Within this meat-etiquette melding I began to experience uncoiling spires of pleasure. These went far beyond the cheap pumps of blood I’d felt as a youth; this was a lessening of deadness for having been plugged into a furnace of life. I, the gigolo Zebulon Finch, was once again a fumbling virgin. Bridey, voracious vamp, was restored her maidenhood.
It was our first time. It was our last time.
Shakespeare had it right about a post-poisoned Juliet:
She was a flower, but death deflowered her.
“Yes,” cried she.
Yes—devastation.
“Yes!” cried she.
Yes—immolation!
“Yes!
” cried she.
Yes—erasure, destruction, oblivion, take me!
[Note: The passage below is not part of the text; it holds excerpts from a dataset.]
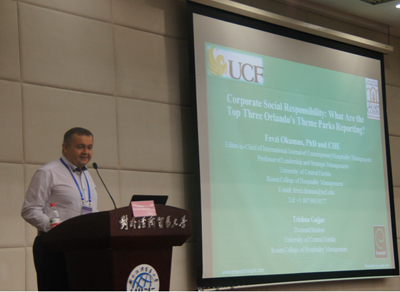 副校长杨长春教授致欢迎辞,杨校长向加拿大康考迪亚大学Saul CARLINER教授、美国中佛罗里达大学Fevzi OKUMUS教授、南非约翰内斯堡大学Keyan TOMASELLI教授、香港理工大学吴东英教授、华侨大学外国语皇冠网址
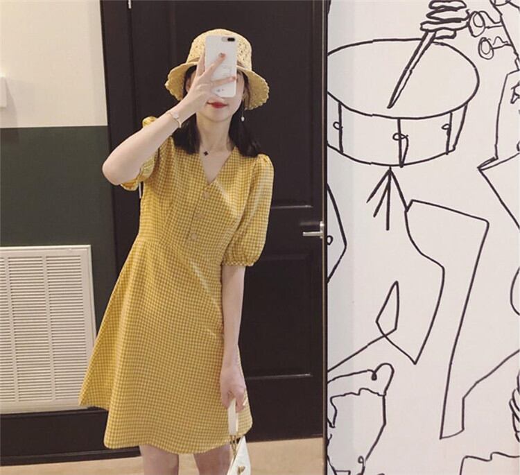 オシャレ度UP スリム 閨蜜の装い Vネック 半袖 ワンピース 短いスタイル sweet系 可愛い 気質 百掛けMKUIHT25126147b
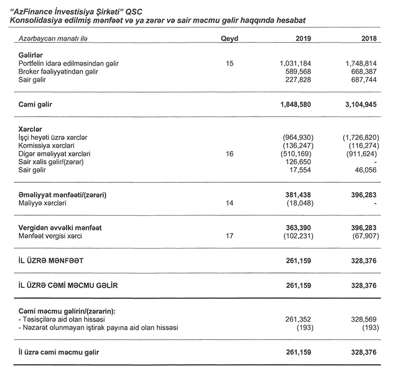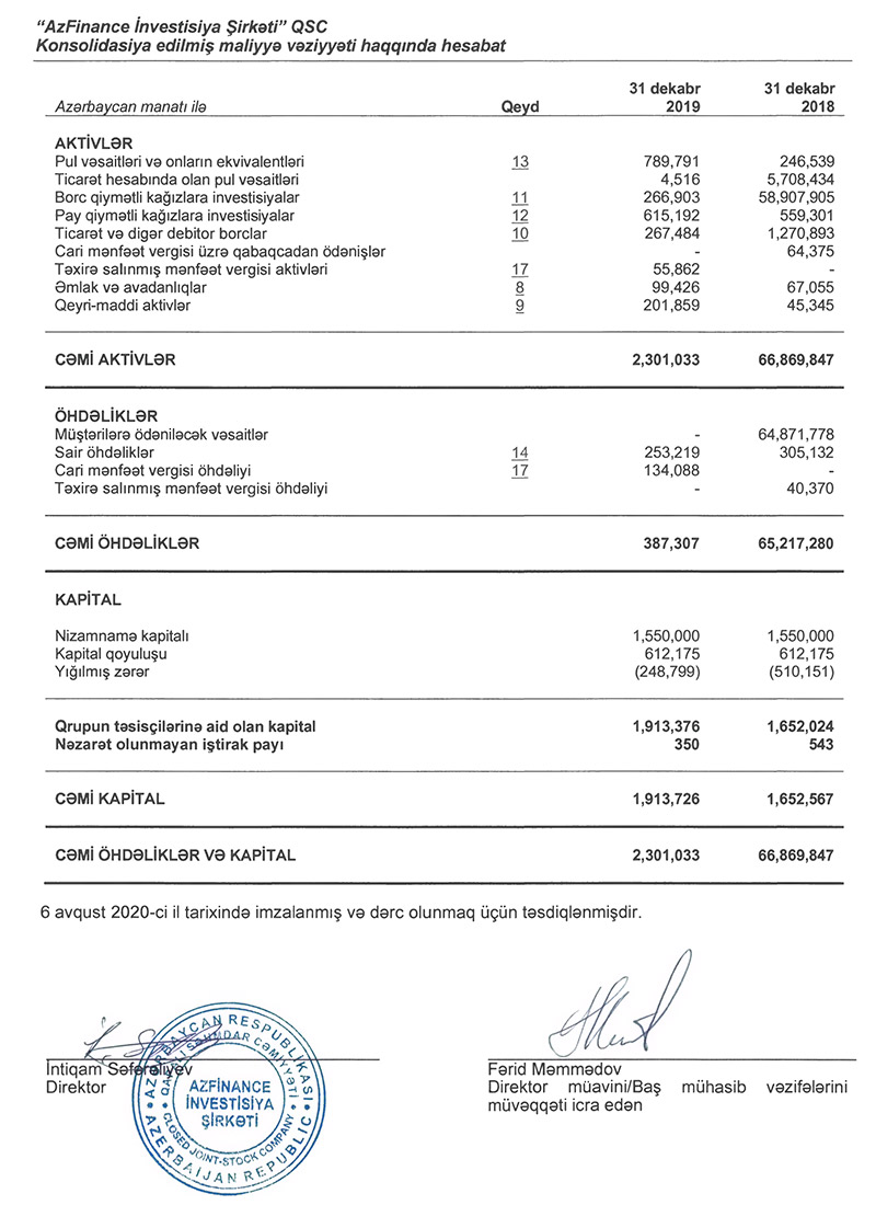 “AzFinance” İnvestisiya şirkəti “PricewaterhouseCoopers” beynəlxalq audit şirkəti tərəfindən təsdiqlənmiş və beynəlxalq maliyyə hesabat standartlarına (MHBS) cavab verən 2019-cu il üzrə maliyyə hesabatını açıqlayıb.
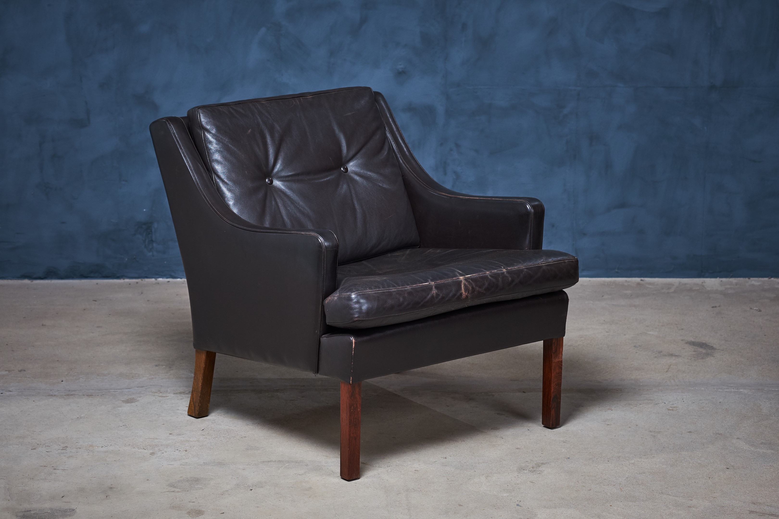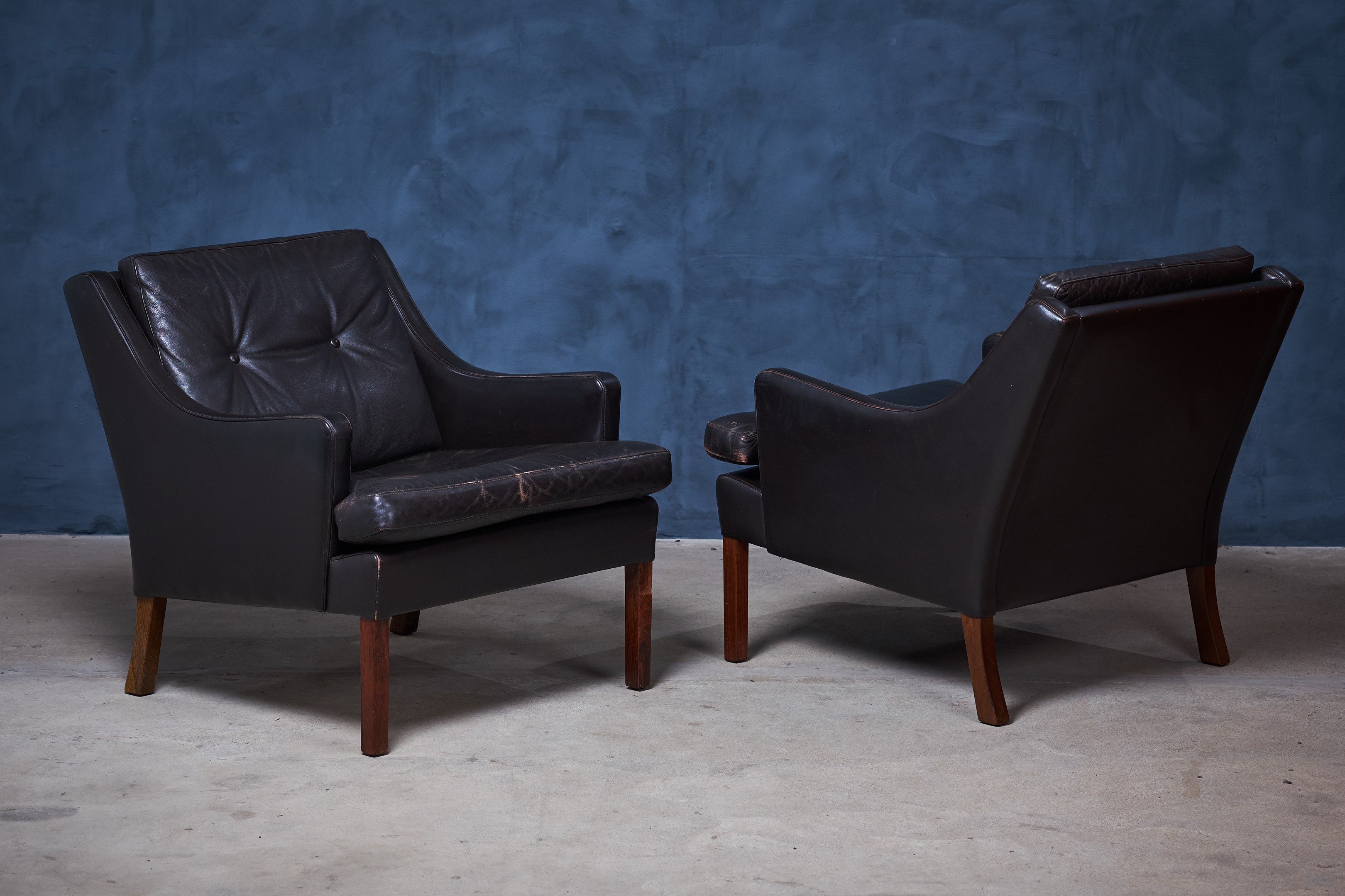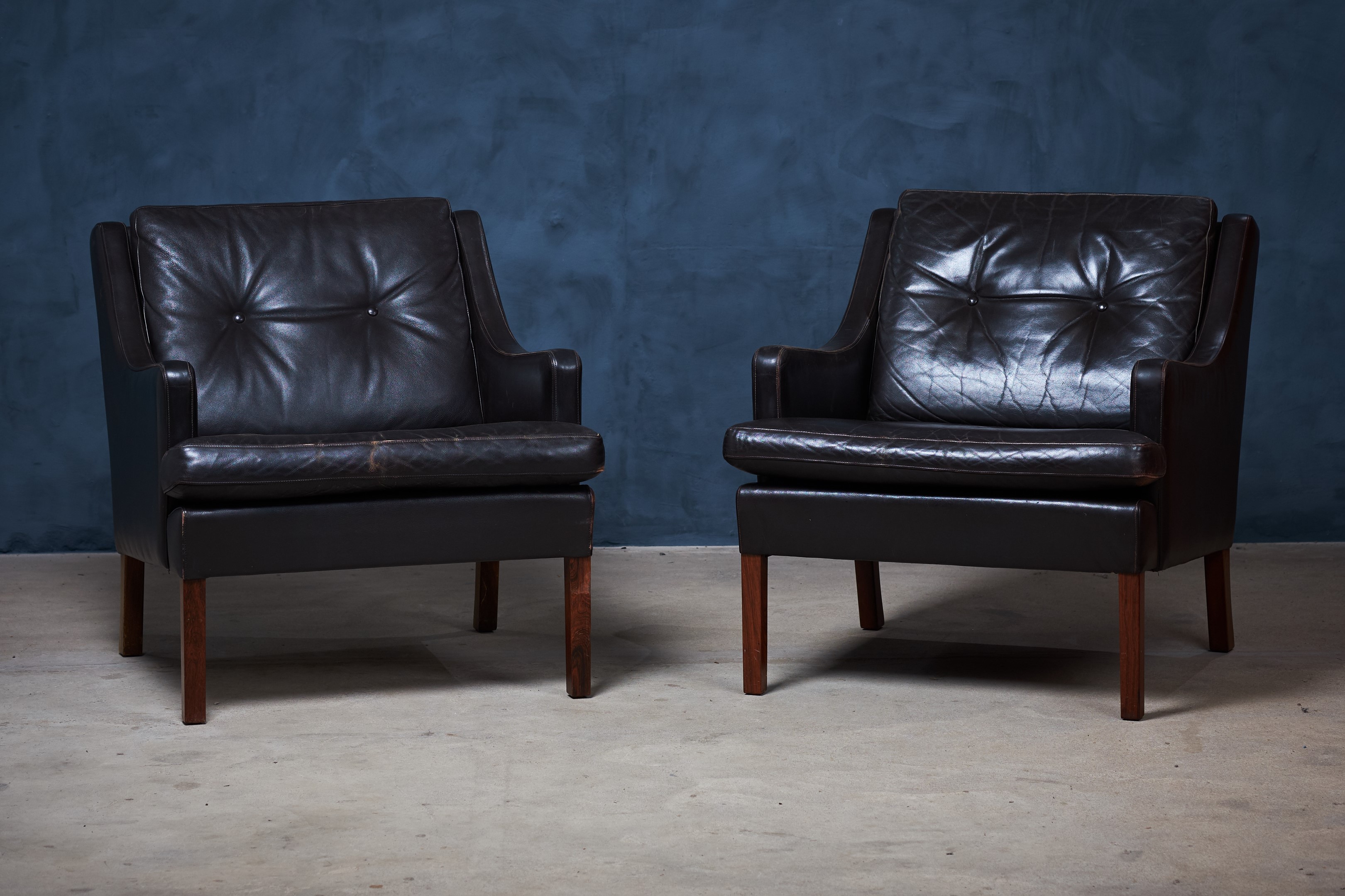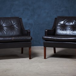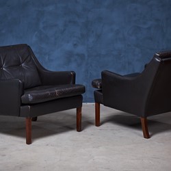 Beautiful pair of Danish lounge chairs with black/brown leather and legs in rosewood. Great seating comfort and a beautiful set for the modern home. Both of the chairs are in good vintage condition, with no holes or deep scratches in the leather. If you like we can polish it with leather wax before to make them look more shiny. That is up to the customer. This set would make a great addition to most modern environments.

Her starved muscles, biting; our quick cadence, disrupted; her flammable sweat upon both of us, sparked and rushing in blue flame. With one brute thrust of her hips, she harvested my root. There was a dull snap. No orgasm on Earth could lighten so heavy a weight, no ejaculation could offer such overdue release. Bridey slid away with my pecker still inside of her and I was glad. She could not keep the whole of me forever, but this single piece, for which I had no further use, belonged to her—it had for a while—and would make, thought I, a nice addition to her museum, a final endowment from me to my cut-up and sewed-back-together patchwork queen.
XV.
RUMORS IN THE DROWSY DARK:
Z will take you.
Not since my death had I been this close to actual sleep, and yet I could not help but rouse myself with speculation. “Take”: was the word used in the mortal sense? For though I could not sleep, breathe, or eat, I had proven myself adept at taking. Look to my hands for proof. Sixty-two years since a cursed birth and those merlot spots came not from age but from spilled blood.
He’ll go with you, I promise.
Surely the destination of debate was Hades? Though I knew not the exact route, I’d seen multitudes of signposts and might yet be convinced to pathfind.
I’ll ask him when he’s up.
Up? I’d never be up again! I chuckled the vulgar joke into the bear rug.
He’ll meet you at your place at seven. Baby, I have to run, I’ll ring you later.
Good! Begone with you! Your nattering distracts from my misery.
Ta-ta, little Gopher.
Gopher?
The voice, then, was not that of a Delphic deity tossing lightning-bolt riddles at my skull. It was Bridey, the human female with whom I’d lain to crippling effect. Bridey’s tone that morn ought to have been one of howling horror. She ought to have lurched into the room, pouring blood from her groin, still clenching the knives with which she’d cut out the parts I’d diseased.